I got a Youtube ad for suppositories...
I'm not sure if that was supposed to happen, but it's definitely painted the device with a rather shitty brush.
The Palm brand has returned with a bizarre concept: a tiny touchscreen "ghost" phone that mirrors the contents of your real smartphone – and won’t do much without one. The 3.3-inch full touchscreen promises the “full Android experience.” should you want it – or as much of the experience as you can get with a Qualcomm …
"I'm not sure if that was supposed to happen, but it's definitely painted the device with a rather shitty brush."
No, that is the new improved AI working in conjunction with the devices upgraded sensors....
You need more bran in your diet and the onboard calendar has scheduled your for a colonoscopy.
That article says that an irritating phone you don't want to use is a new concept - but what about that Nokia that had Snake instead of Whatsapp?
Maybe one day we will have mobiles with rotary dials which need coins to make calls, do not have your Contacts stored on them, and only work if you tie them to a wall.
What a time to be alive!
$4 phones (Not sure the UK price, not risked looking on Ebay/Amazon/Ali Express).
You could easily do disposable* Pub phones for that price.
*Please return address with a postage stamp on the back (it's small enough ;) ), to the local recycling centre if we want to be green.
I don't understand the recent fascination with phablets, 6" size of a phone is a design fault, not a feature.
@Gordan, because people come in all sizes, having a phone to match that variety is a good thing. I don't know about others, but I shop all my phones at least in part based on whether my fingers can hit the tiny, tiny buttons. Having said that, put a strap on this thing and I would have a nice chunky watch.
“Life Mode” will free you from constant distractions, such as the non-stop stream of notifications. Unlike in a conventional Flight Mode, you can choose what gets through, and when.
This is a selling point that I hope gets taken much further. Application management on Android phones has long been an irritant to me. It would be so nice if there was a console where you could manage access rights, notifications, et cetera for different apps all in one go, by group or otherwise instead of the current base setup where you have to go into each app's settings and select each bit. Ugh! Kudos to Palm for getting this bit right.

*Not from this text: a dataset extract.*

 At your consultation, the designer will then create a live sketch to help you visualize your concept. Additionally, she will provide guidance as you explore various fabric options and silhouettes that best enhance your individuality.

If you use your phone as a kindle more than as a phone, a large screen is better.
If you use your phone to read & send email more than as a phone, a large screen is better.

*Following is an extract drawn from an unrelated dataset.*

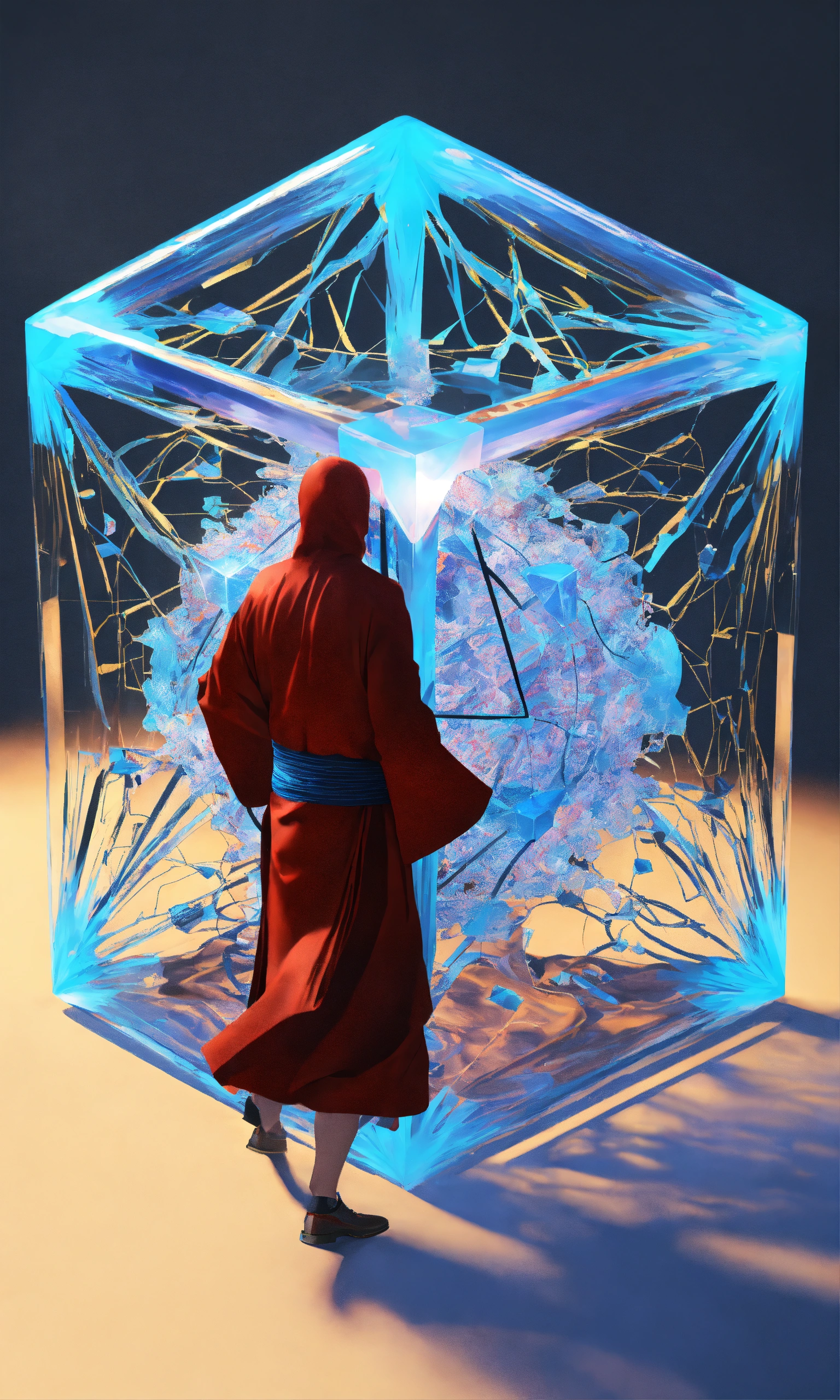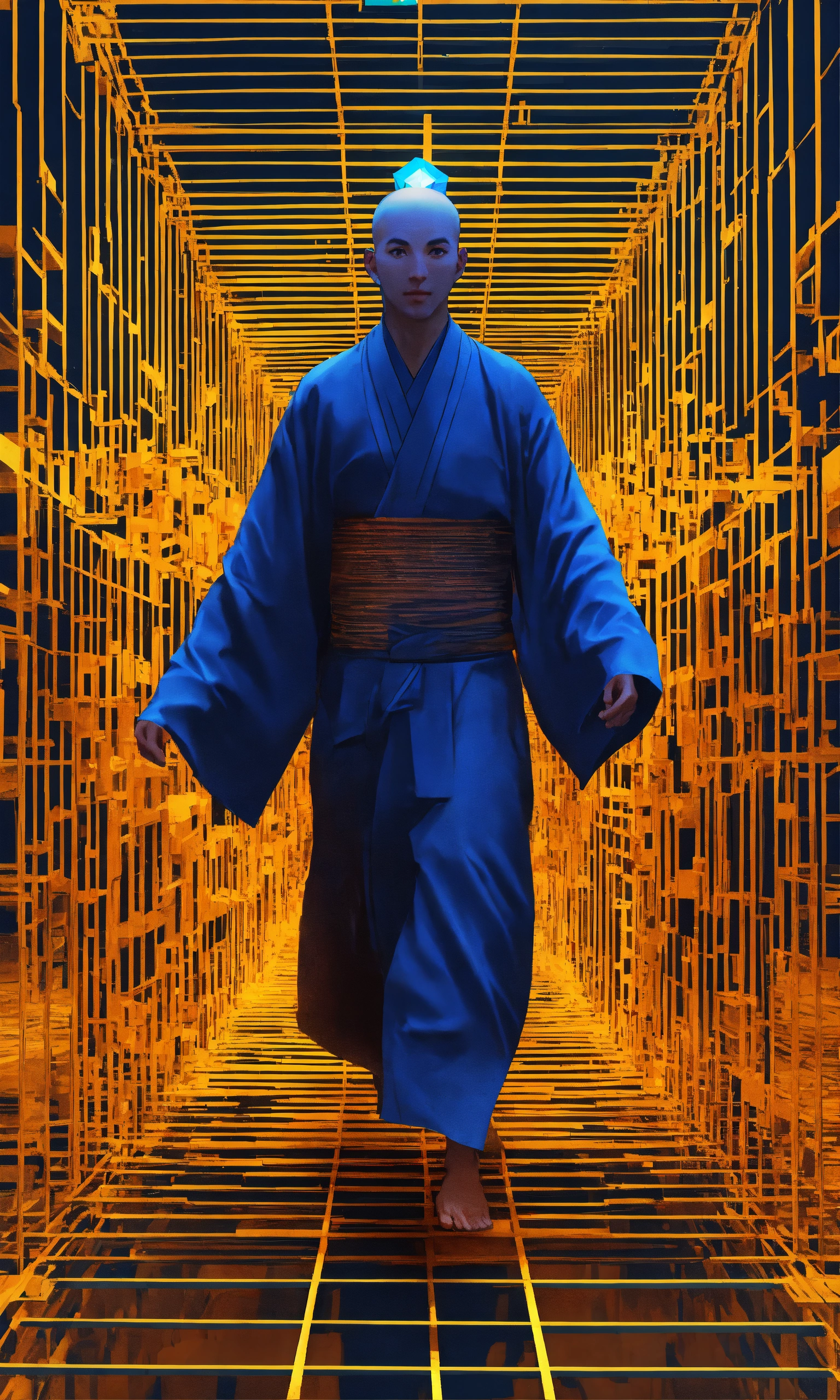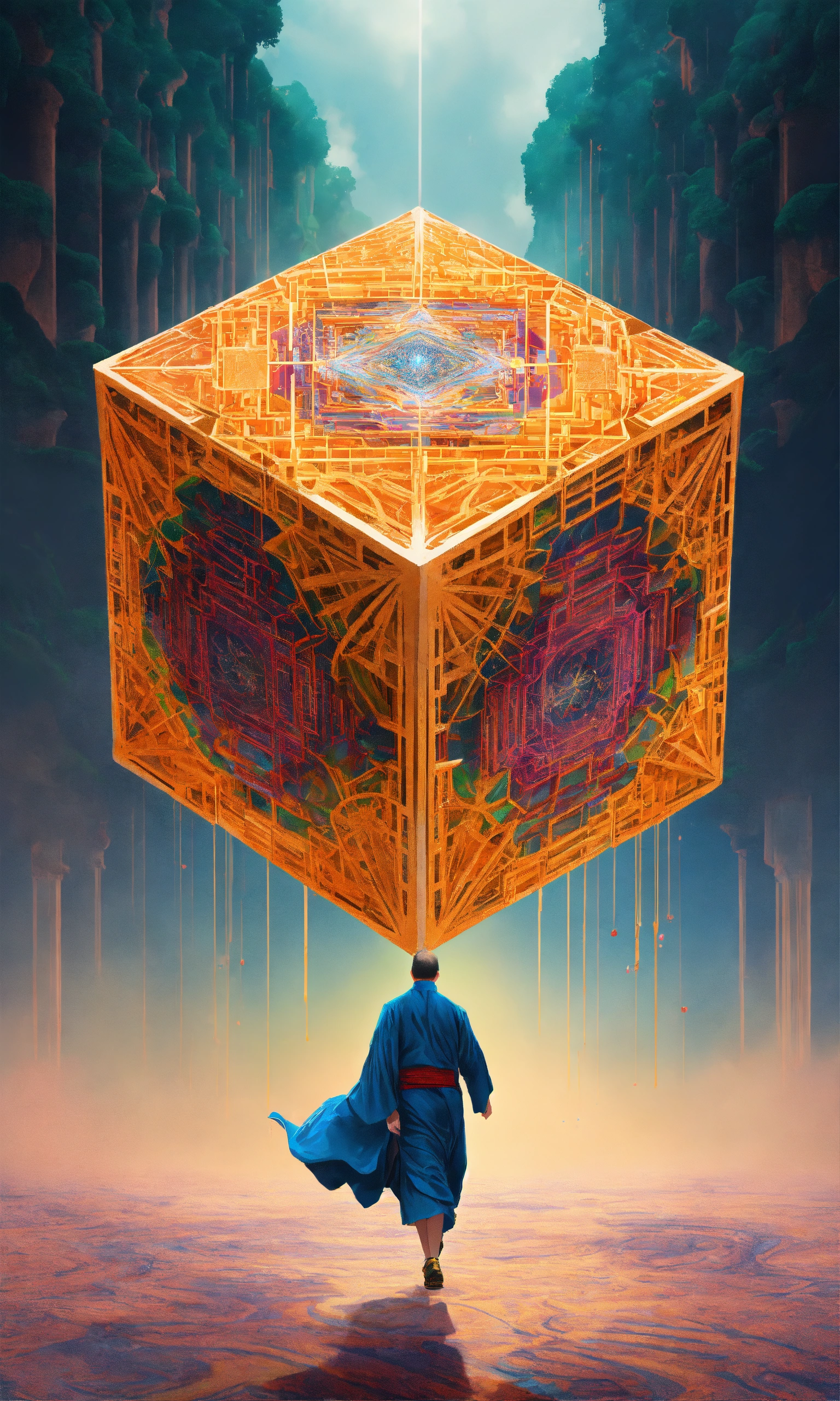 Running taoist monk tesseract body fractal three point perspective hypercube melting in each other

If you use your phone to catch up on Social Media while on the bus, a large screen is better.
If you use your phone a lot and desire a huge battery, a large screen allows for more real space.
If you use your phone as a phone but don't want to always put your glasses on first, a large screen is better.
Only the first affects me, but there are many reasons that people desire large phones with large screens.
If you want to be able to reach the whole screen with your thumb without having to jiggle it about to reach across, a 4.5" screen is better
It's all well and good saying they all come in a range of sizes, but they don't anymore. Sony seem to be the only holdouts for a decent sub-5" screen
It's not 1 April, so I don't get it. Things Palm did well:
1) Run hundreds of free or nearly free apps.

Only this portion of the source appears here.